## Prompt
Every line of the material that includes the word "provides" is to be shown.

## Supplied records

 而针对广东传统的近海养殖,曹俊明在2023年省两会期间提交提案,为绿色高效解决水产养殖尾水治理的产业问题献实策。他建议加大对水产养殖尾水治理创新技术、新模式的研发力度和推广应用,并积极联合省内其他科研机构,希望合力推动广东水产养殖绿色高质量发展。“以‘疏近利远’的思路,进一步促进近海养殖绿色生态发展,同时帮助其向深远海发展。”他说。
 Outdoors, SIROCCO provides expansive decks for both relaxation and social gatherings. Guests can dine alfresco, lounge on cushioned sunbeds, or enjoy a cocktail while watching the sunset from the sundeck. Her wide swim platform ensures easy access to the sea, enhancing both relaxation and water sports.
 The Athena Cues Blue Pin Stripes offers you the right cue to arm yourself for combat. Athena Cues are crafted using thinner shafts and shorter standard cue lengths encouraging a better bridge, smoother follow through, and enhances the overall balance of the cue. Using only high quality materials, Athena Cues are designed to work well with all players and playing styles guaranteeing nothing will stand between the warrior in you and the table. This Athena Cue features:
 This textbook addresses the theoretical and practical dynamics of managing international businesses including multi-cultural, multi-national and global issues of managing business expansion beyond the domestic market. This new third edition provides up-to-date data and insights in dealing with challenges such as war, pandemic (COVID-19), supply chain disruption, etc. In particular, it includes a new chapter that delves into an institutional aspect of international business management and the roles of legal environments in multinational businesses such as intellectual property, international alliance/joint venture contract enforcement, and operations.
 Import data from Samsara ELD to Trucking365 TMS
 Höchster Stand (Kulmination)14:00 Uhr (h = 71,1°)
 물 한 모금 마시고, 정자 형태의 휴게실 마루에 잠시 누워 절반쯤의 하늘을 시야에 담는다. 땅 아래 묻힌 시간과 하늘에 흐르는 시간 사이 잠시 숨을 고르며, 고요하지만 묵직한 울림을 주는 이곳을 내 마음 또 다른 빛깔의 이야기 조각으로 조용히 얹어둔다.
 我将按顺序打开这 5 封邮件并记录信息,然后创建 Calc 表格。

--

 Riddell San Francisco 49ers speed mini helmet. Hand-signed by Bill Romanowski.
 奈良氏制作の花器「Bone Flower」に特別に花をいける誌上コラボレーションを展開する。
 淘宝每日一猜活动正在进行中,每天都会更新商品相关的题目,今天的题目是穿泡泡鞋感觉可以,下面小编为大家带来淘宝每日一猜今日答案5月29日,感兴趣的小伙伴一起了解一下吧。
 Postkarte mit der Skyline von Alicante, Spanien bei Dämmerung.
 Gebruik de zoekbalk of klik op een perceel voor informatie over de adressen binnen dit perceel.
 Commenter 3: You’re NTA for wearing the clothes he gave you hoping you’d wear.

--

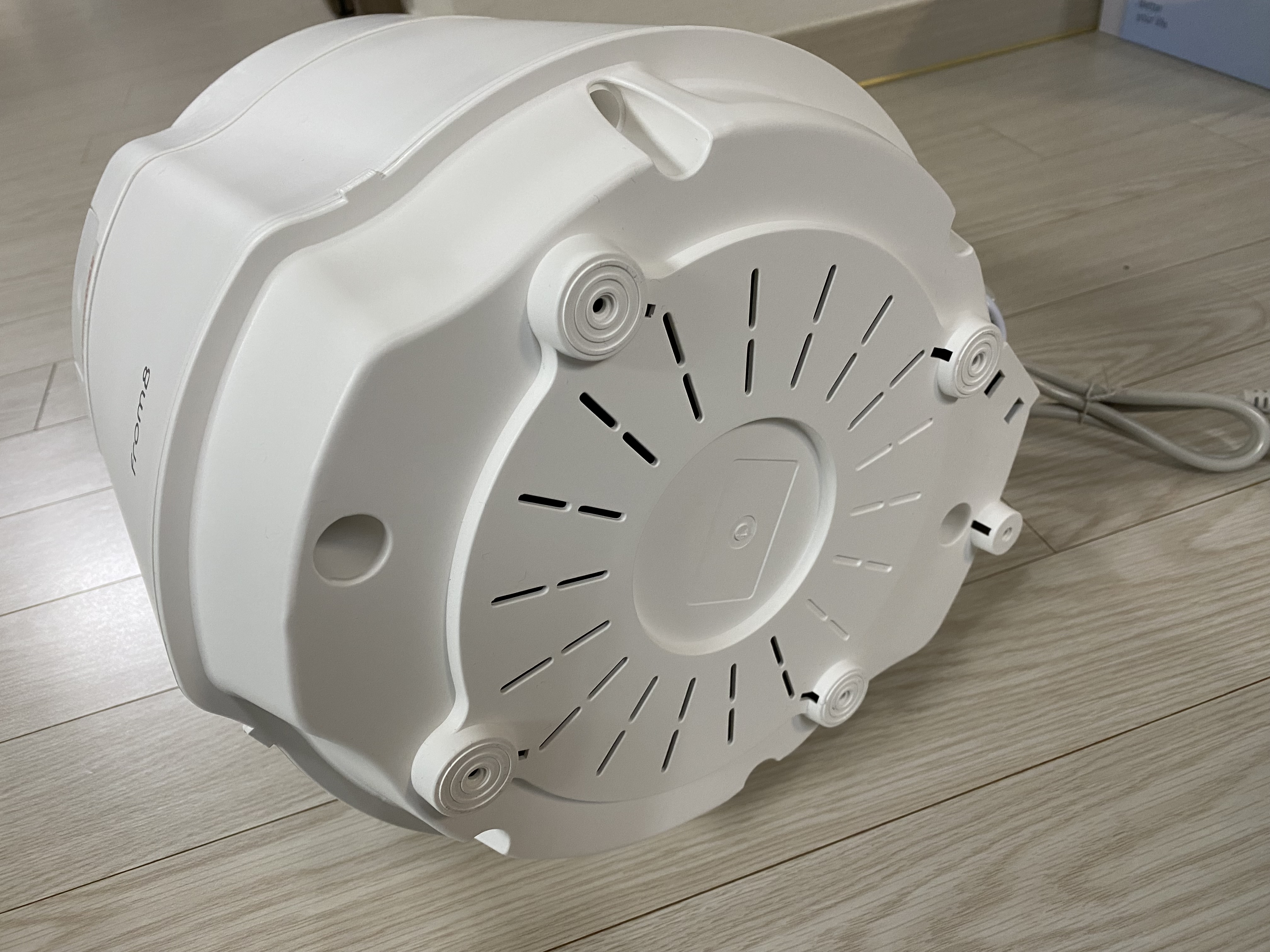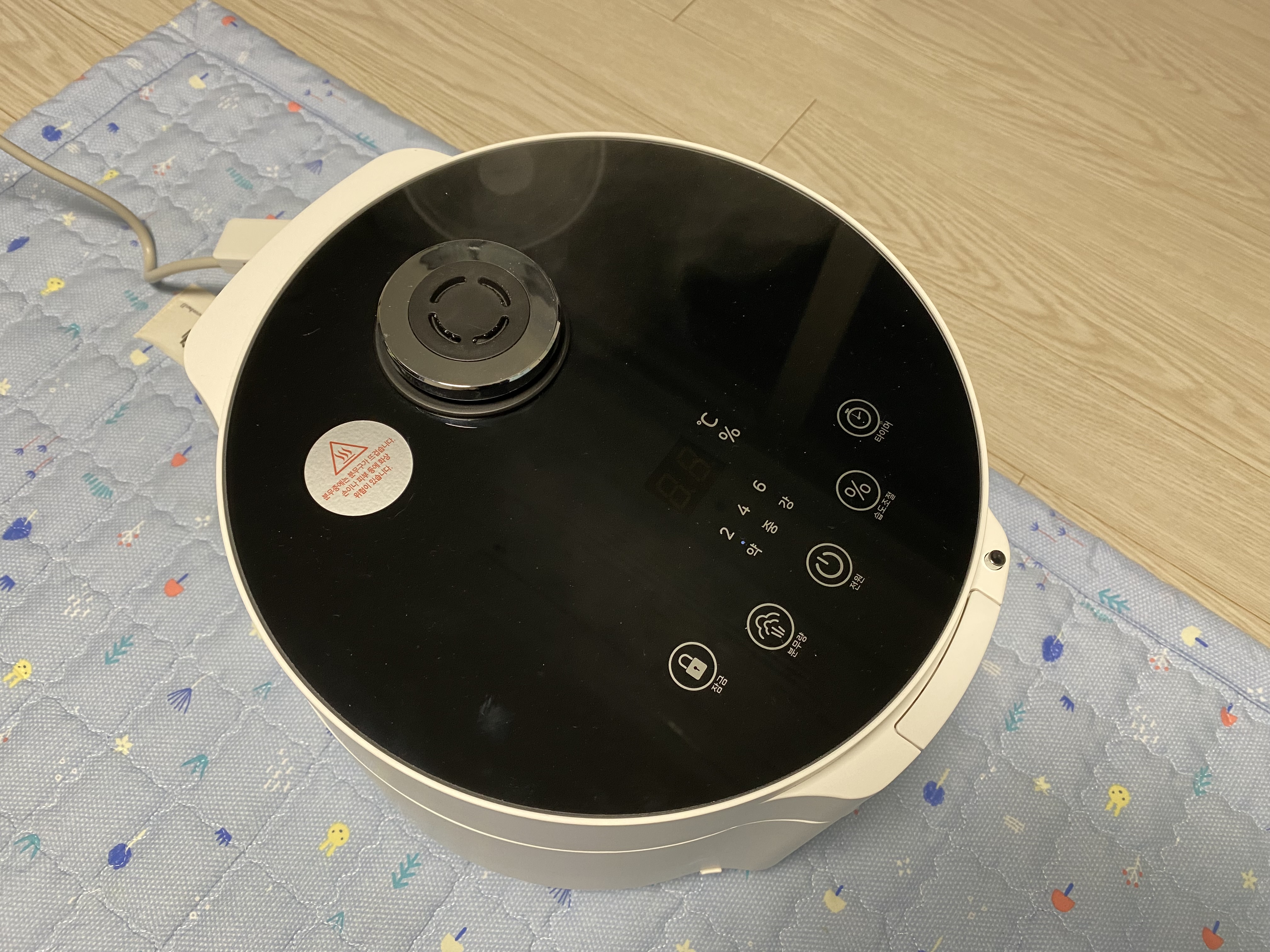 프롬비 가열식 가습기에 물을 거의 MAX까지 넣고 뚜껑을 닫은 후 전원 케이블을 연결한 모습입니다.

## Exercise answer
 Outdoors, SIROCCO provides expansive decks for both relaxation and social gatherings. Guests can dine alfresco, lounge on cushioned sunbeds, or enjoy a cocktail while watching the sunset from the sundeck. Her wide swim platform ensures easy access to the sea, enhancing both relaxation and water sports.
 This textbook addresses the theoretical and practical dynamics of managing international businesses including multi-cultural, multi-national and global issues of managing business expansion beyond the domestic market. This new third edition provides up-to-date data and insights in dealing with challenges such as war, pandemic (COVID-19), supply chain disruption, etc. In particular, it includes a new chapter that delves into an institutional aspect of international business management and the roles of legal environments in multinational businesses such as intellectual property, international alliance/joint venture contract enforcement, and operations.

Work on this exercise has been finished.